Another recent retrospective cohort study [83] demonstrated increased risk of cardiovascular death with azithromycin compared to no antibiotic therapy, however, demonstrated no difference when compared with penicillin. A second, large retrospective cohort of outpatients [84] found a small absolute increase in cardiovascular deaths in patients treated with azithromycin compared with amoxicillin and ciprofloxacin but not when compared to levofloxacin. The risk of cardiovascular death was most pronounced among patients with a high baseline risk of cardiovascular disease. The retrospective nature of these studies, as well as derivation from large administrative databases lacking clinical information, limits reliability of their results. Most importantly, the underlying indication for antibiotic use in these studies was not controlled for.

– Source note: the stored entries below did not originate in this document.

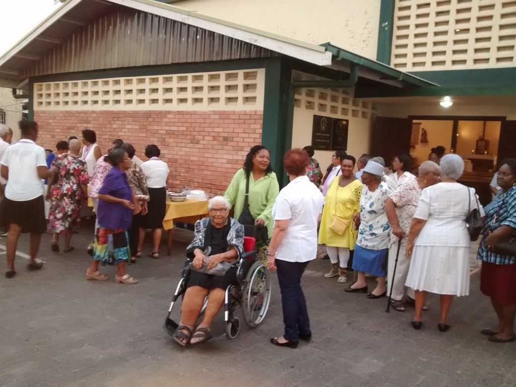 Onder het zingen van het slotlied ‘Zie ons hier verzameld’ liepen de aanwezigen – achter de misdienaars/misdienettes en de priesters – in processie de kerk uit naar de prachtige Mariagrot op het kerkplein. Met het bidden van drie weesgegroetjes werd deze mooie en bemoedigende viering van de 28e Wereldziekendag rond 7 uur afgesloten. De aanwezigen konden hierna nog een tijd napraten over de viering en ook genieten van de lekkere snacks en drankjes.
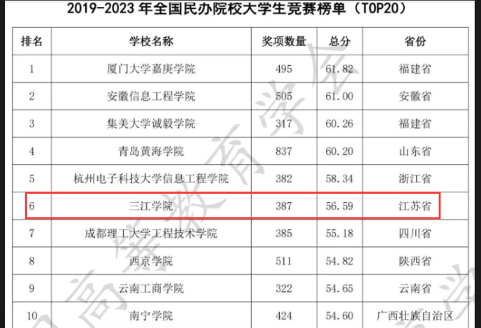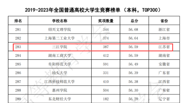 beat365在线唯一官网在《2019-2023年全国普通高校大学生竞赛榜单》中位列全国第283名,首次进入该榜单TOP300;另外在《2019-2023全国民办院校大学生竞赛榜单》中,位列全国第6名;在《2019-2023年全国新建本科院校大学生竞赛榜单》中位列全国第33名;以上三项排名均创历史新高。
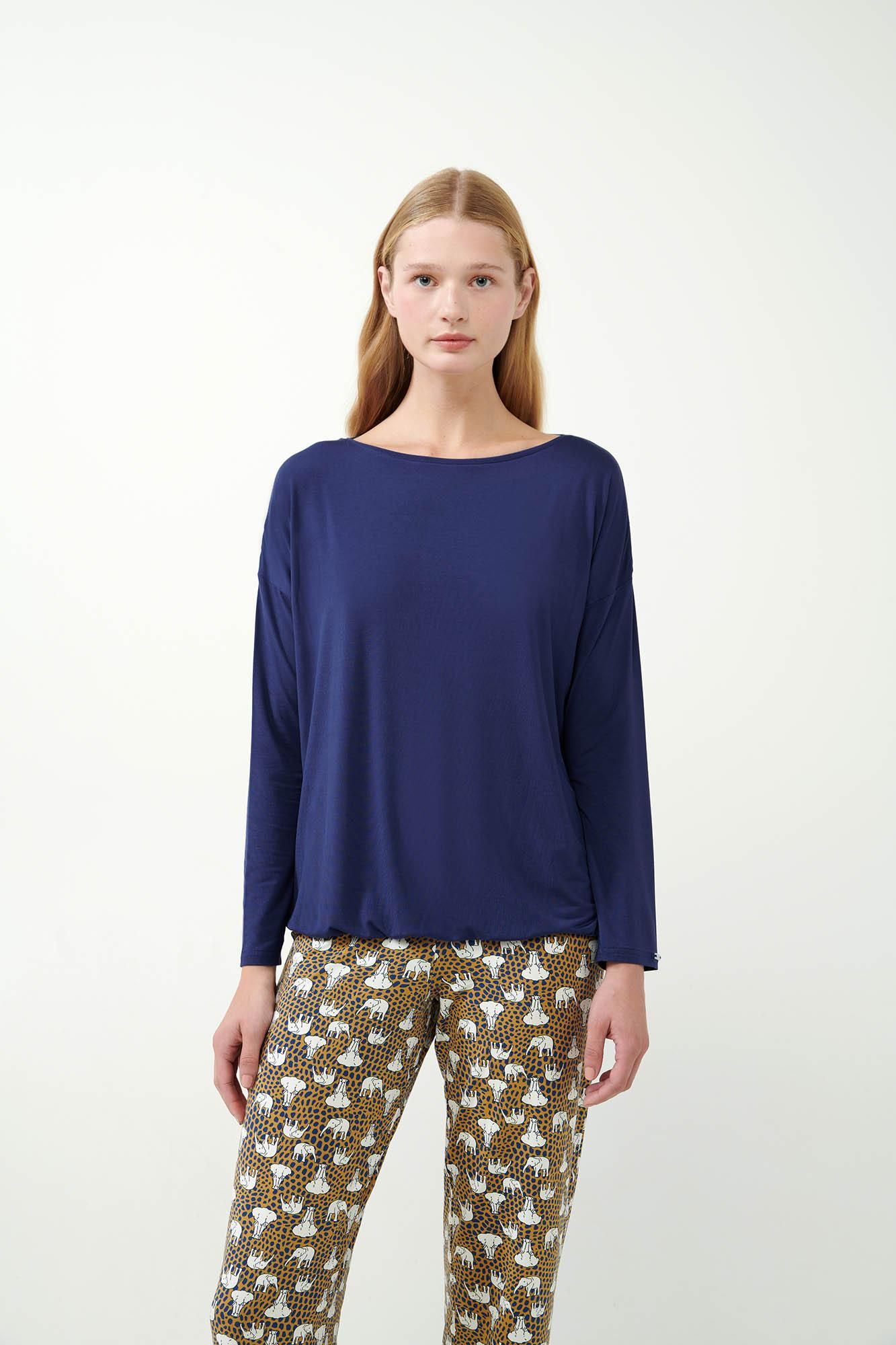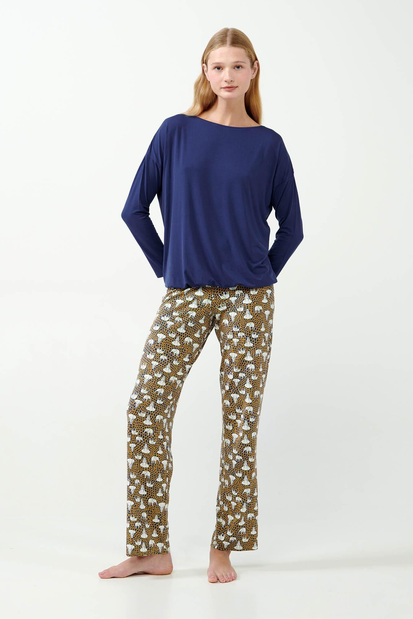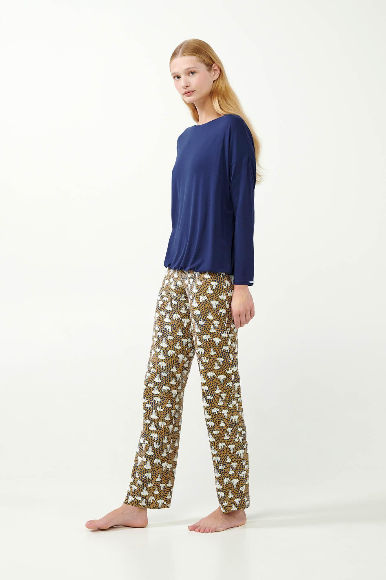 Ανακαλύψτε την απόλυτη άνεση με μια γυναικεία πυτζάμα από micromodal. Μοναδικά απαλό άγγιγμα, που αγκαλιάζει ευχάριστα το σώμα και επιτρέπει στο δέρμα να αναπνέει. Ένα σετ που αποτελείτε από μονόχρωμη μπλε μπλούζα με φαρδιά λαιμόκοψη και εμπριμέ παντελόνισε βαθιά απόχρωση ώχρας, διακοσμημένο με χαριτωμένα ελεφαντάκια. Φτιαγμένη σε χαλαρή γραμμή που επιτρέπει την ελευθερία κινήσεων. Συνδυάστε στυλ και άνεση για μοναδικές στιγμές χαλάρωσης στο σπίτι.
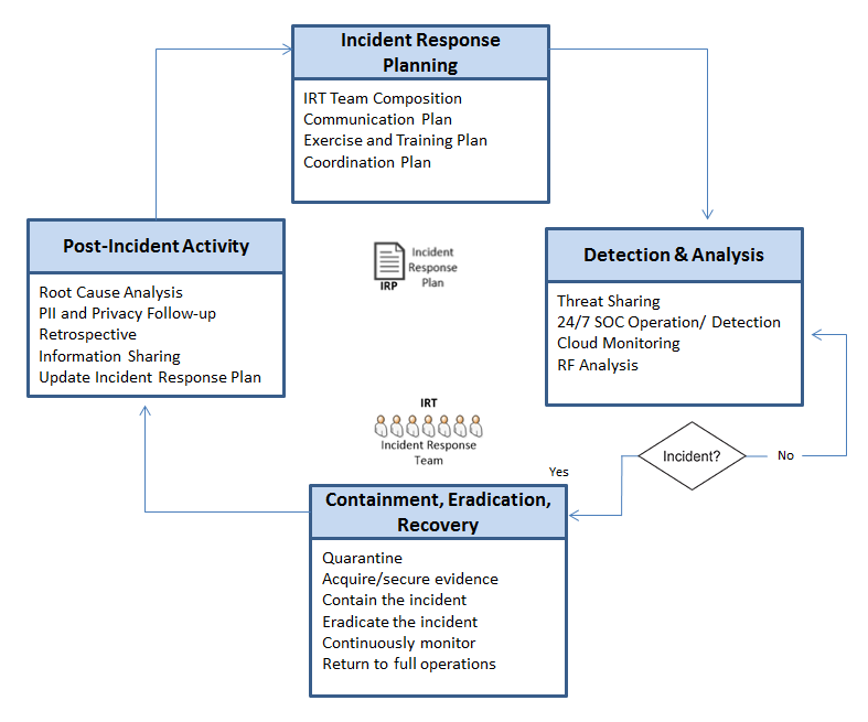 IoT incident response and management can be broken down into four phases:
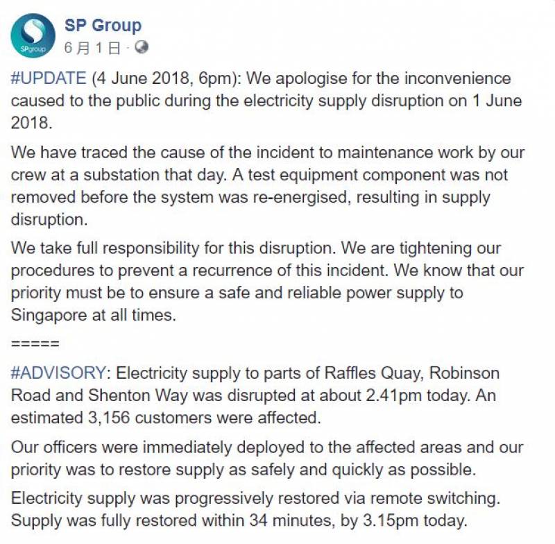 其实这不是今年新加坡发生的第一起停电!最近一次小规模停电发生在今年6月1日下午2点41分,在Raffles Quay, Robinson Road 和 Shenton Way有3156人受到影响,新能源集团在34分钟内恢复电力,并发表了道歉声明。
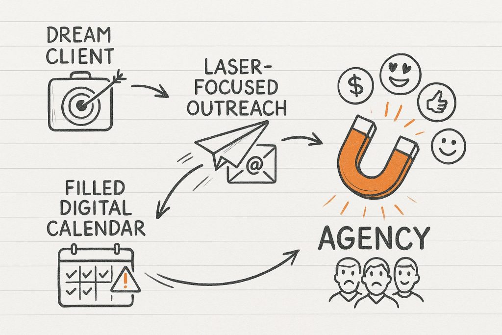 Ditch the “endless hustle”—get clients without ads, big networks, or spammy outreach. Plug in proven templates to fill your calendar with dream prospects every week. Position your agency so clients seek YOU out. Automate prospecting—leads are nurtured and booked while you focus on growth. Look pro with a magnetic brand and online presence. Consistent clients don’t require a big brand or huge ad spend
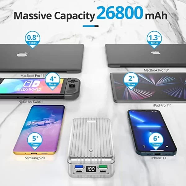 סוללה גדולה מובנית של 26800mAh מאפשרת לה להפעיל 4 מכשירים בו זמנית עם 4 יציאות USB-C. הוא יכול לטעון את האייפון 6+ פעמים ומכשירים אחרים מספר פעמים בממוצע של 7 ימים של שימוש בלתי מרוסן לכל טעינה.
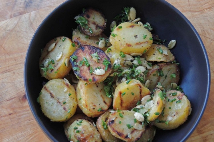 2. ضعي البطاطس مع القليل من الزيت واشويها على الجريل حتى تنضج.
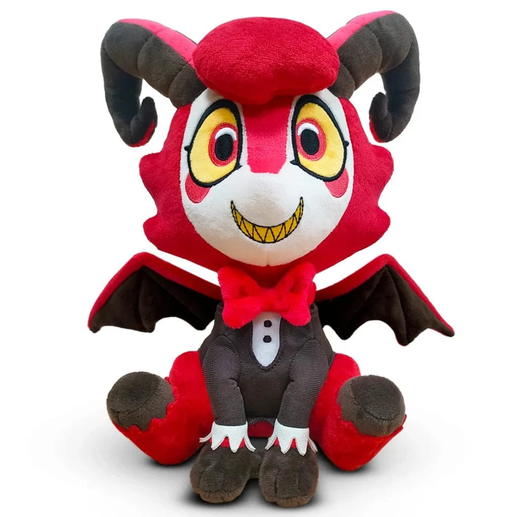 Of course we couldn't let Razzle come in for his Youtooz debut without Dazzle comin' along too! Sitting at 9 inches tall with his hooved feet kicked out wide as small hand rest at their front and lead up to their tuxedoed black and white chest as a bright red bowtie sits at their neck, a pair of huge yellow and red eyes absolutely beam out from their creme colored face as a sharp smile rests in the middle of rosy round cheeks. With long curling black and red striped horns stretching out from the top of his head on either side of a dark red puff of hair and a pair of sharp wings extending from his back, a long black pointed tail wraps around from their back. This plush is packed to the seams with 100% PP cotton and is made of the softest minky material, absolutely perfect for cuddling and being your backup whenever needed!
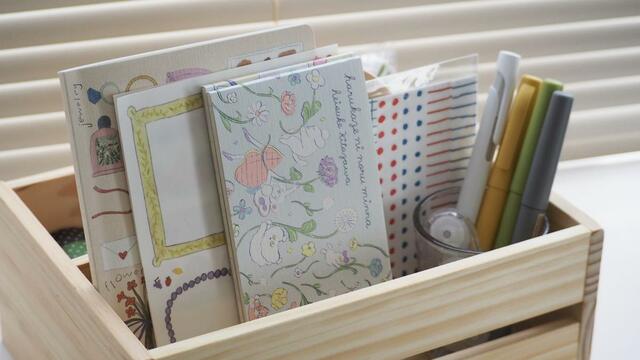 手帳やノート、手紙を書くときに使う文房具をまとめて収納するのもおすすめです。
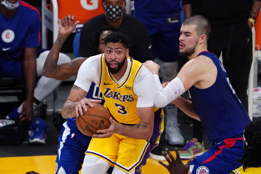 Lakers’ Anthony Davis controls the ball against Clippers’ Patrick Beverley and Ivica Zubac in the fourth quarter at Staples Center. The Clippers defeated the Lakers. Mandatory Credit: Kirby Lee-USA TODAY Sports
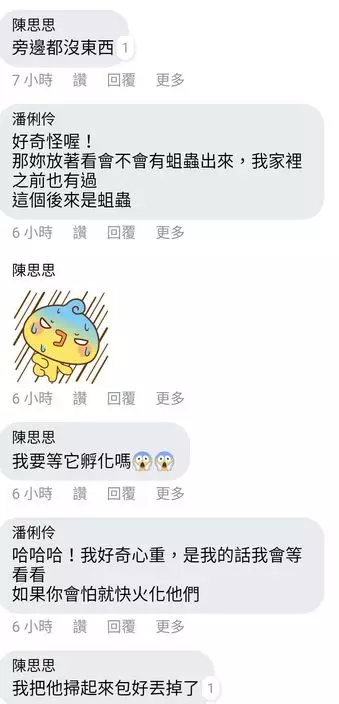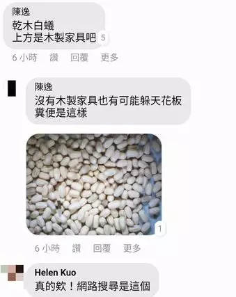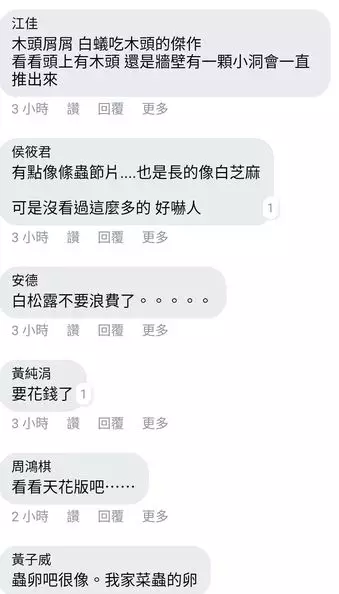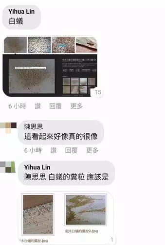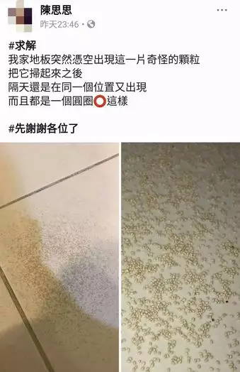台灣一位網友於家中地板上發現很多白色的粒狀物體,掃清後隔天又出現於相同位置,感到十分奇怪。由於網友未知白色粒狀物為何物,於是拍下照片詢問網友意見。不少網友認為白色粒狀物為蛀蟲或白蟻,也有網友覺得是白蟻的糞便或是蟲的卵。

In an attempt to further clarify this issue, Mortensen et al. [85] examined cardiovascular events and all-cause mortality in elderly patients admitted with CAP. Although they found a higher risk of myocardial infarction in those treated with azithromycin, there was no increase in risk of any cardiac event or arrhythmia. Most importantly, the overall 90-day mortality was actually lower in the azithromycin group (OR 0.73; 95 % CI 0.70–0.76, p < 0.001), demonstrating a net benefit associated with azithromycin therapy.
In summary, the absolute risk of macrolide-induced cardiotoxicity is low [79, 80, 82]. When choosing therapy for an individual patient, side effect profiles must be considered for all potential antimicrobial agents. Concurrent use of other QT-prolonging drugs may be a significant contributor to the true risk. In accordance with common clinical practice, the risks and benefits of macrolide therapy, and a review of other concurrent medications, must be performed prior to prescription in each patient.
Discussion
This review summarizes contemporary data on the use of macrolides in CAP. Macrolides are commonly used in the treatment of CAP based on various guideline recommendations. Macrolides have also been shown to improve outcomes in a number of chronic lung conditions due to their immunomodulatory effects. The mechanisms of action in acute CAP are less clear, but we postulate may be both antimicrobial and anti-inflammatory in nature.
Macrolide monotherapy for outpatient CAP is still an appropriate strategy and remains supported by guidelines. Theoretically, azithromycin offers the broadest coverage and has the most favourable side effect profile. Resistance in both S. pneumoniae and Mycoplasma is increasing globally, however, limiting the use of macrolides in patients with recent macrolide exposure [2, 4, 22, 23].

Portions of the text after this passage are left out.